Geçenlerde çok büyük bir şehrimizin geçmişinden hâlâ izlerin kaldığı bir bölgesinde dolaşırken, gözüme çarpan uzun bir duvar ve üstünden taşan sık ağaçlar beni düşündürdü. Daha önce de yaşadığım bir duyguyla burada tekrar karşılaşırken, nedense bu sefer ona bir anlam verme gayretine giriştim. Karşımda duran, önünde yer yer inşaat döküntüleriyle kirletilmiş boş ve bakımsız arsa bulunan, insan boyuna yakın bir duvarla çevrelenmiş bol ağaçlı eski bir mezarlık manzarasıydı. Öyleyse burada beni alâkadar eden hâdise ne olabilirdi? Acaba pamuk parçaları gibi bulutların serpiştirildiği açık mavi gökyüzünün güzelliği mi? Belki, ama ilgimi cezbeden şeyin bundan fazlası olduğunu da fark ediyordum.
Kısa bir mütalaadan sonra, cevabın sıklıkla hayıflanmama neden olan eski ve yeni şehirler arasındaki en önemli farklardan birinde bulunduğunu anladım.

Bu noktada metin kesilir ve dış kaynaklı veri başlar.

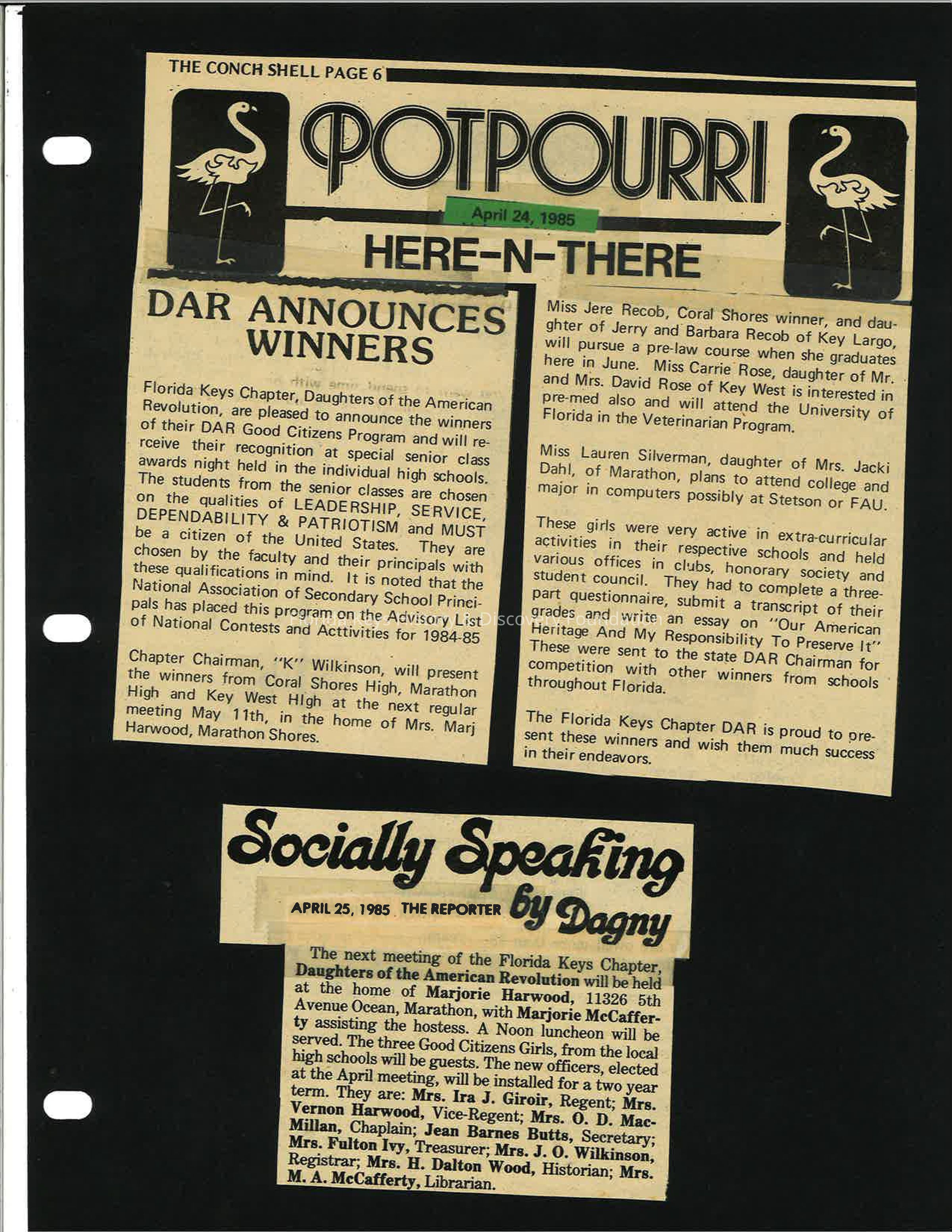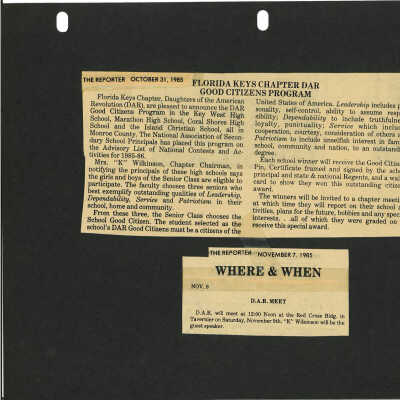 Scrapbook of newspapers - Florida Keys Chapter announces winner of DAR Good Citizen ProgramCollection
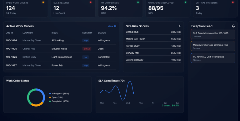 While each module operates independently, they can all connect into a unified operations dashboard designed for management and leadership teams. This command centre provides real-time visibility into job backlogs, SLA performance, preventive maintenance health, technician utilisation, and operational costs. Managers can drill down from high-level indicators into individual sites, assets, or work orders, turning operational data into actionable insight.

Belki çok küçük kaleler hariç eski şehirlerde dar sokaklardan müteşekkil örüntülere mukabil dâima büyüklü küçüklü boşluklar da bulunuyordu. Lâkin eskisi gibi orantılı ve anlamlı olmasa da boşluklar bugün de şehirlerde mevcut bulunuyor olduğundan hissettiğim farkı anlamam için daha derine inmeye çalışmalıydım. Böylece boşluk dediğimiz şeyin ne olduğuyla düşüncelerimin akışına yol verdim. Tabiî, bu mecâzî bir ifadeydi, boşluk yani. Bundan kasıt üzerinde bina olmayan yerdi. Hemen ardından belleğimde böyle boşluklar içeren şehir parçalarına ilişkin görüntüler aradım ve bulduklarımı kısa bir mukayeseye tâbi tuttum. Farkettim ki bu görüntülerin ancak bir kısmı yâdımda hoş bir iz bırakmıştı. Bunların da ortak özelliği dünyânın tabiî görüntülerine benzeyen manzaralar gibi olmalarıydı: çocukluk resimlerinden itibaren idealize ettiğimiz ön plânda engin çayırlar, ortalarda mor dağlar ve en arkada mavi gökyüzünden oluşan bir çerçeve gibi. Demek ki işin püf noktası, yani bizde hoşluk bırakan yanı, bakılan şeyin önündeki boşluğun yarattığı mesafe vasıtasıyla görsel çerçevemizin içine uygun bir şekilde sığabilmesi olabilirdi.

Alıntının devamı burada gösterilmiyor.